Pengeluaran zat sisa hasil metabolisme dalam tubuh dengan tujuan agar
kesetimbangan tubuh terjaga disebut ekskresi. Ekskresi adalah pengeluaran
zat-zat sisa metabolisme yang tidak terpakai lagi oleh sel dan darah, dikeluarkan
bersama urin, keringat dan pernapasan. Pada ginjal mamalia terdapat unit-unit
yang disebut nefron dengan fungsi filtrasi. Itulah mengapa ginjal memiliki
fungsi memfilter darah mamalia agar selalu bersih dari limbah metabolisme yang
terjadi di dalam tubuh, ginjal mamalia pada umumnya memfilter darah sebanyak
25% dari output jantung, sehingga banyakcairan darah yang harus dibersihkan
setiap harinya. Namun demikian urin yang dihasilkan ginjal umumnya hanya 1%
dari seluruh cairan yang difilter oleh ginjal (Dahelmi, 1991).
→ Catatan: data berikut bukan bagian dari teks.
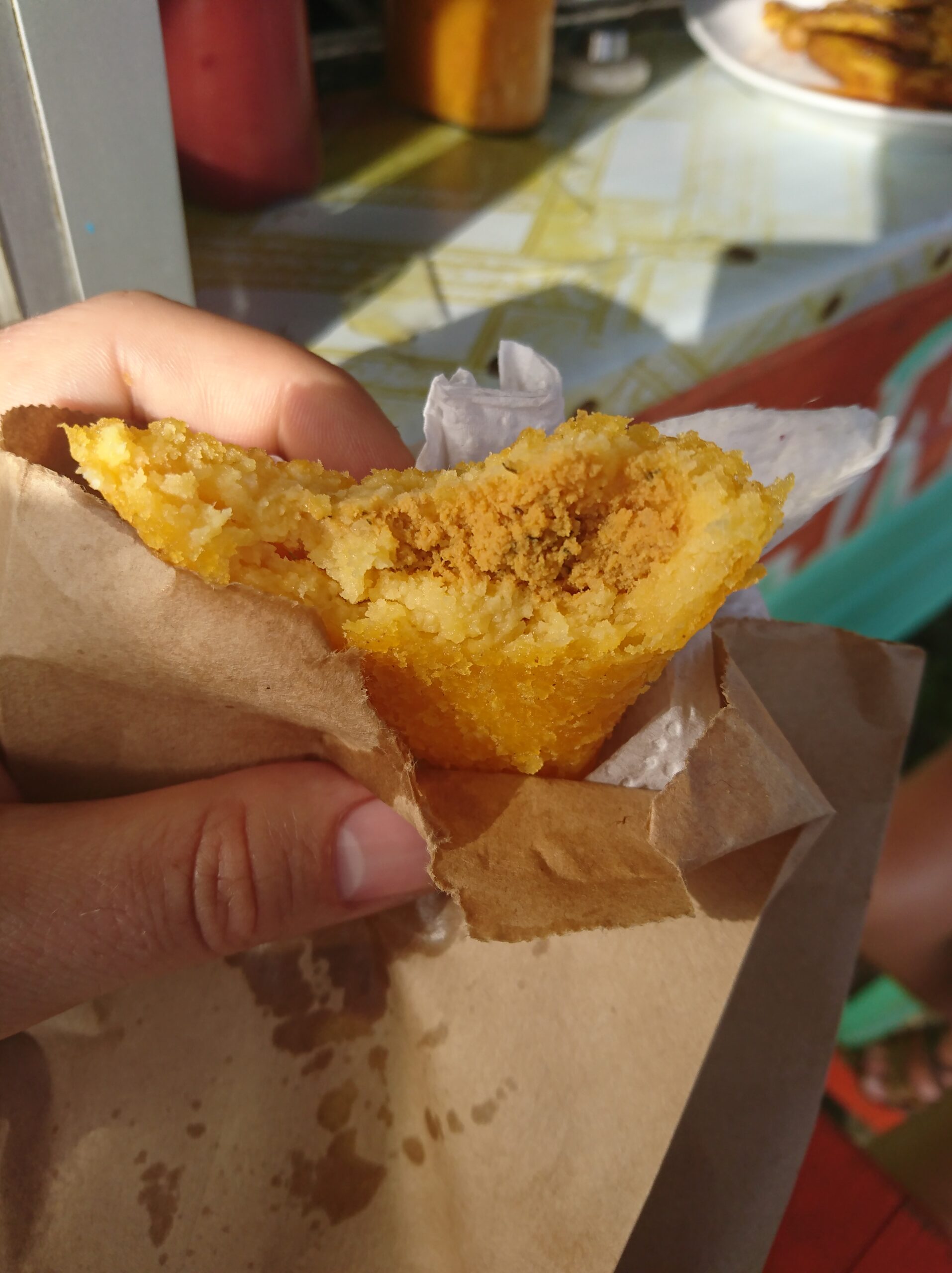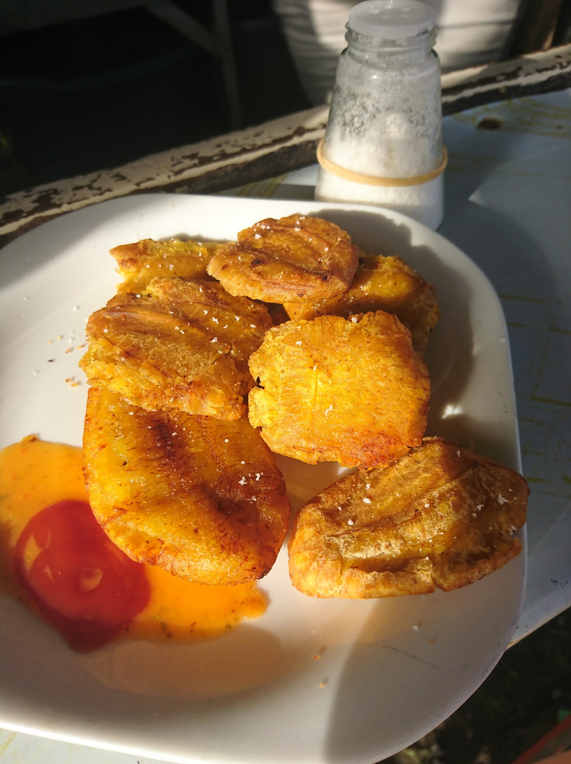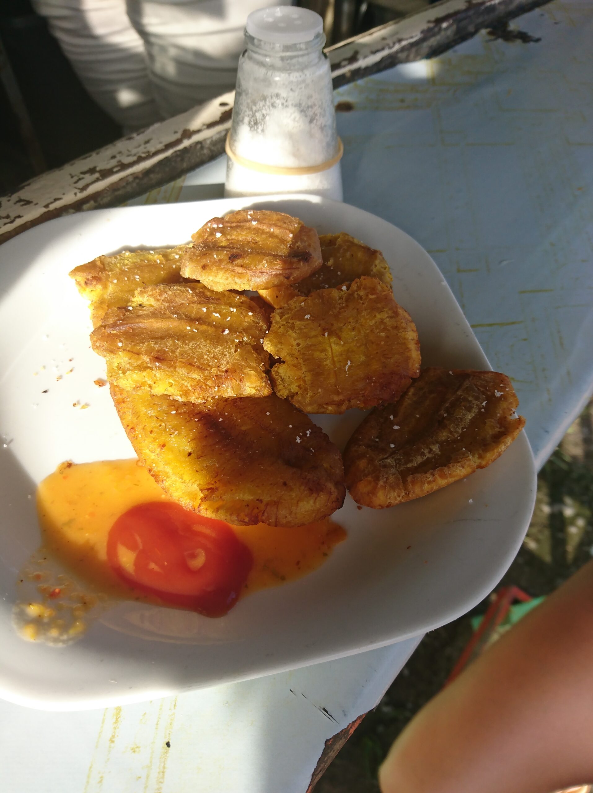 W Bocas mieliśmy też okazję spróbować jedzenia w małej, lokalnej garkuchni prowadzonej przez latynoską „mamusię”. Serwowała gotowane banany z ostrym sosem — mieszanka wybuchowa, ale warto pamiętać, że były to zupełnie inne banany niż te znane u nas. Takie miejsca może nie zawsze grzeszą sterylną czystością, ale smakują najbardziej lokalnie — i wg mnie właśnie ich warto szukać.

Ekskresi juga melibatkan
alat–alat khusus dan membentuk suatu sistem yang disebut dengan sistem
ekskresi. Sistem ekskresi sangat berperan dalam menjaga homeostasis tubuh
dengan cara osmoregulasi. Osmoregulasi adalah mekanisme tubuh untuk mengatur
konsentrasi zat terlarut dalam cairan sel atau cairan tubuh (Biggs, 1999).
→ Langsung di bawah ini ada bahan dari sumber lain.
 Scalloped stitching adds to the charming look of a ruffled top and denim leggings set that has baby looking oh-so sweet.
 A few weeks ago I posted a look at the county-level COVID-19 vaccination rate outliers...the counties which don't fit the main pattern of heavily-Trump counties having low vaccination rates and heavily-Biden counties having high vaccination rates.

Alat ekskresi pada manusia terdiri dari ginjal, kulit, hati, dan paru–paru.
Air dapat diekskresikan melalui semua organ tersebut, tetapi setiap organ
ekskresi mengeluarkan zat sisa metabolisme yang berbeda. Ginjal merupakan organ
utama yang melakukan proses ekskresi. Fungsi ginjal secara umum adalah :
1.
Mengeksresikan zat sisa seperti urea, asam urat, kreatinin, kreatin, dan zat
lain yang bersifat racun
2. Mengatur volume plasma darah dan jumlah air di dalam tubuh
3. Mengatur tekanan osmosis
4. Mengatur
pH plasma dan cairan tubuh dengan mengekskresikan urin yang bersifat basa.
5.
Menjalankan fungsi sebagai hormon dengan menghasilkan dua macam zat, yaitu
renin dan eritropoietin yang diduga memiliki fungsi endokrin.
Pembentukan urin
di dalam ginjal terjadi melalui serangkaian proses filtrasi (penyaringan),
reabsorbsi (penyerapan kembali), dan augmentasi (pengeluaran zat sisa) (Kee,
2001). Urin dibentuk dengan diawali proses filtrasi darah di glomerulus. Glomerulus
memiliki barier yang memungkinkan senyawa–senyawa tertentu yang dapat
melewatinya. Darah hasil filtrasi akan direabsorbsi oleh tubulus renalis untuk
penyerapan kembali zat–zat yang masih dibutuhkan oleh tubuh, setelah reabsorbsi
kadar urea akan menjadi lebih tinggi dan zat–zat yang dibutuhkan tubuh tidak
ditemukan lagi (Biggs, 1999).
1.2 Tujuan
Tujuan praktikum adalah untuk menganalisis
senyawa yang dapat melewati filter sebagai gambaran fungsi filtrasi ginjal mamalia.
II.
MATERI DAN CARA KERJA
2.1 Materi
Alat yang digunakan
adalah pipet tetes, corong gelas, tabung reaksi, rak tabung, pinset, pemanas air.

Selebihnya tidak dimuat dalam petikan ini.